You are viewing a plain text version of this content. The canonical link for it is here.
Posted to issues@spark.apache.org by "Yanbo Liang (JIRA)" <ji...@apache.org> on 2016/06/15 00:33:30 UTC

[jira] [Updated] (SPARK-15957) RFormula supports forcing to index label

     [ https://issues.apache.org/jira/browse/SPARK-15957?page=com.atlassian.jira.plugin.system.issuetabpanels:all-tabpanel ]

Yanbo Liang updated SPARK-15957:
--------------------------------
    Description: 
RFormula will index label only when it is string type.
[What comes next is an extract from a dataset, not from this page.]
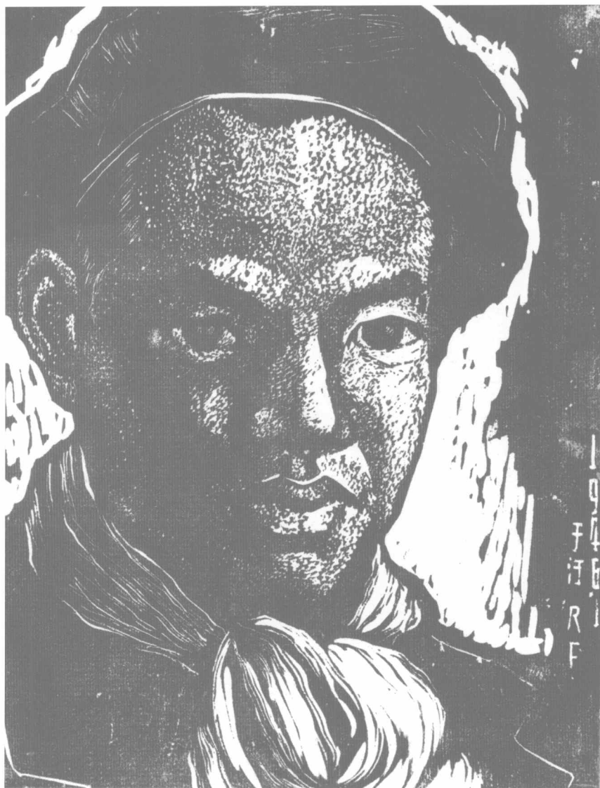
自刻像 (1940年) 200 × 150 mm

If the label is numeric type and we use RFormula to present a classification model, we can not extract label attributes from the label column metadata successfully. The label attributes are useful, so we can force to index label whether it is numeric or string type for classification. Then SparkR wrappers can extract label attributes from the column metadata successfully. This feature can help us to fix bug similar with SPARK-15153.
For regression, we will still to keep numeric type.
We should add a param to control whether to force to index label for RFormula.

  was:Add param to make users can force to index label whether it is numeric or string. For classification algorithms, we force to index label by setting it with true.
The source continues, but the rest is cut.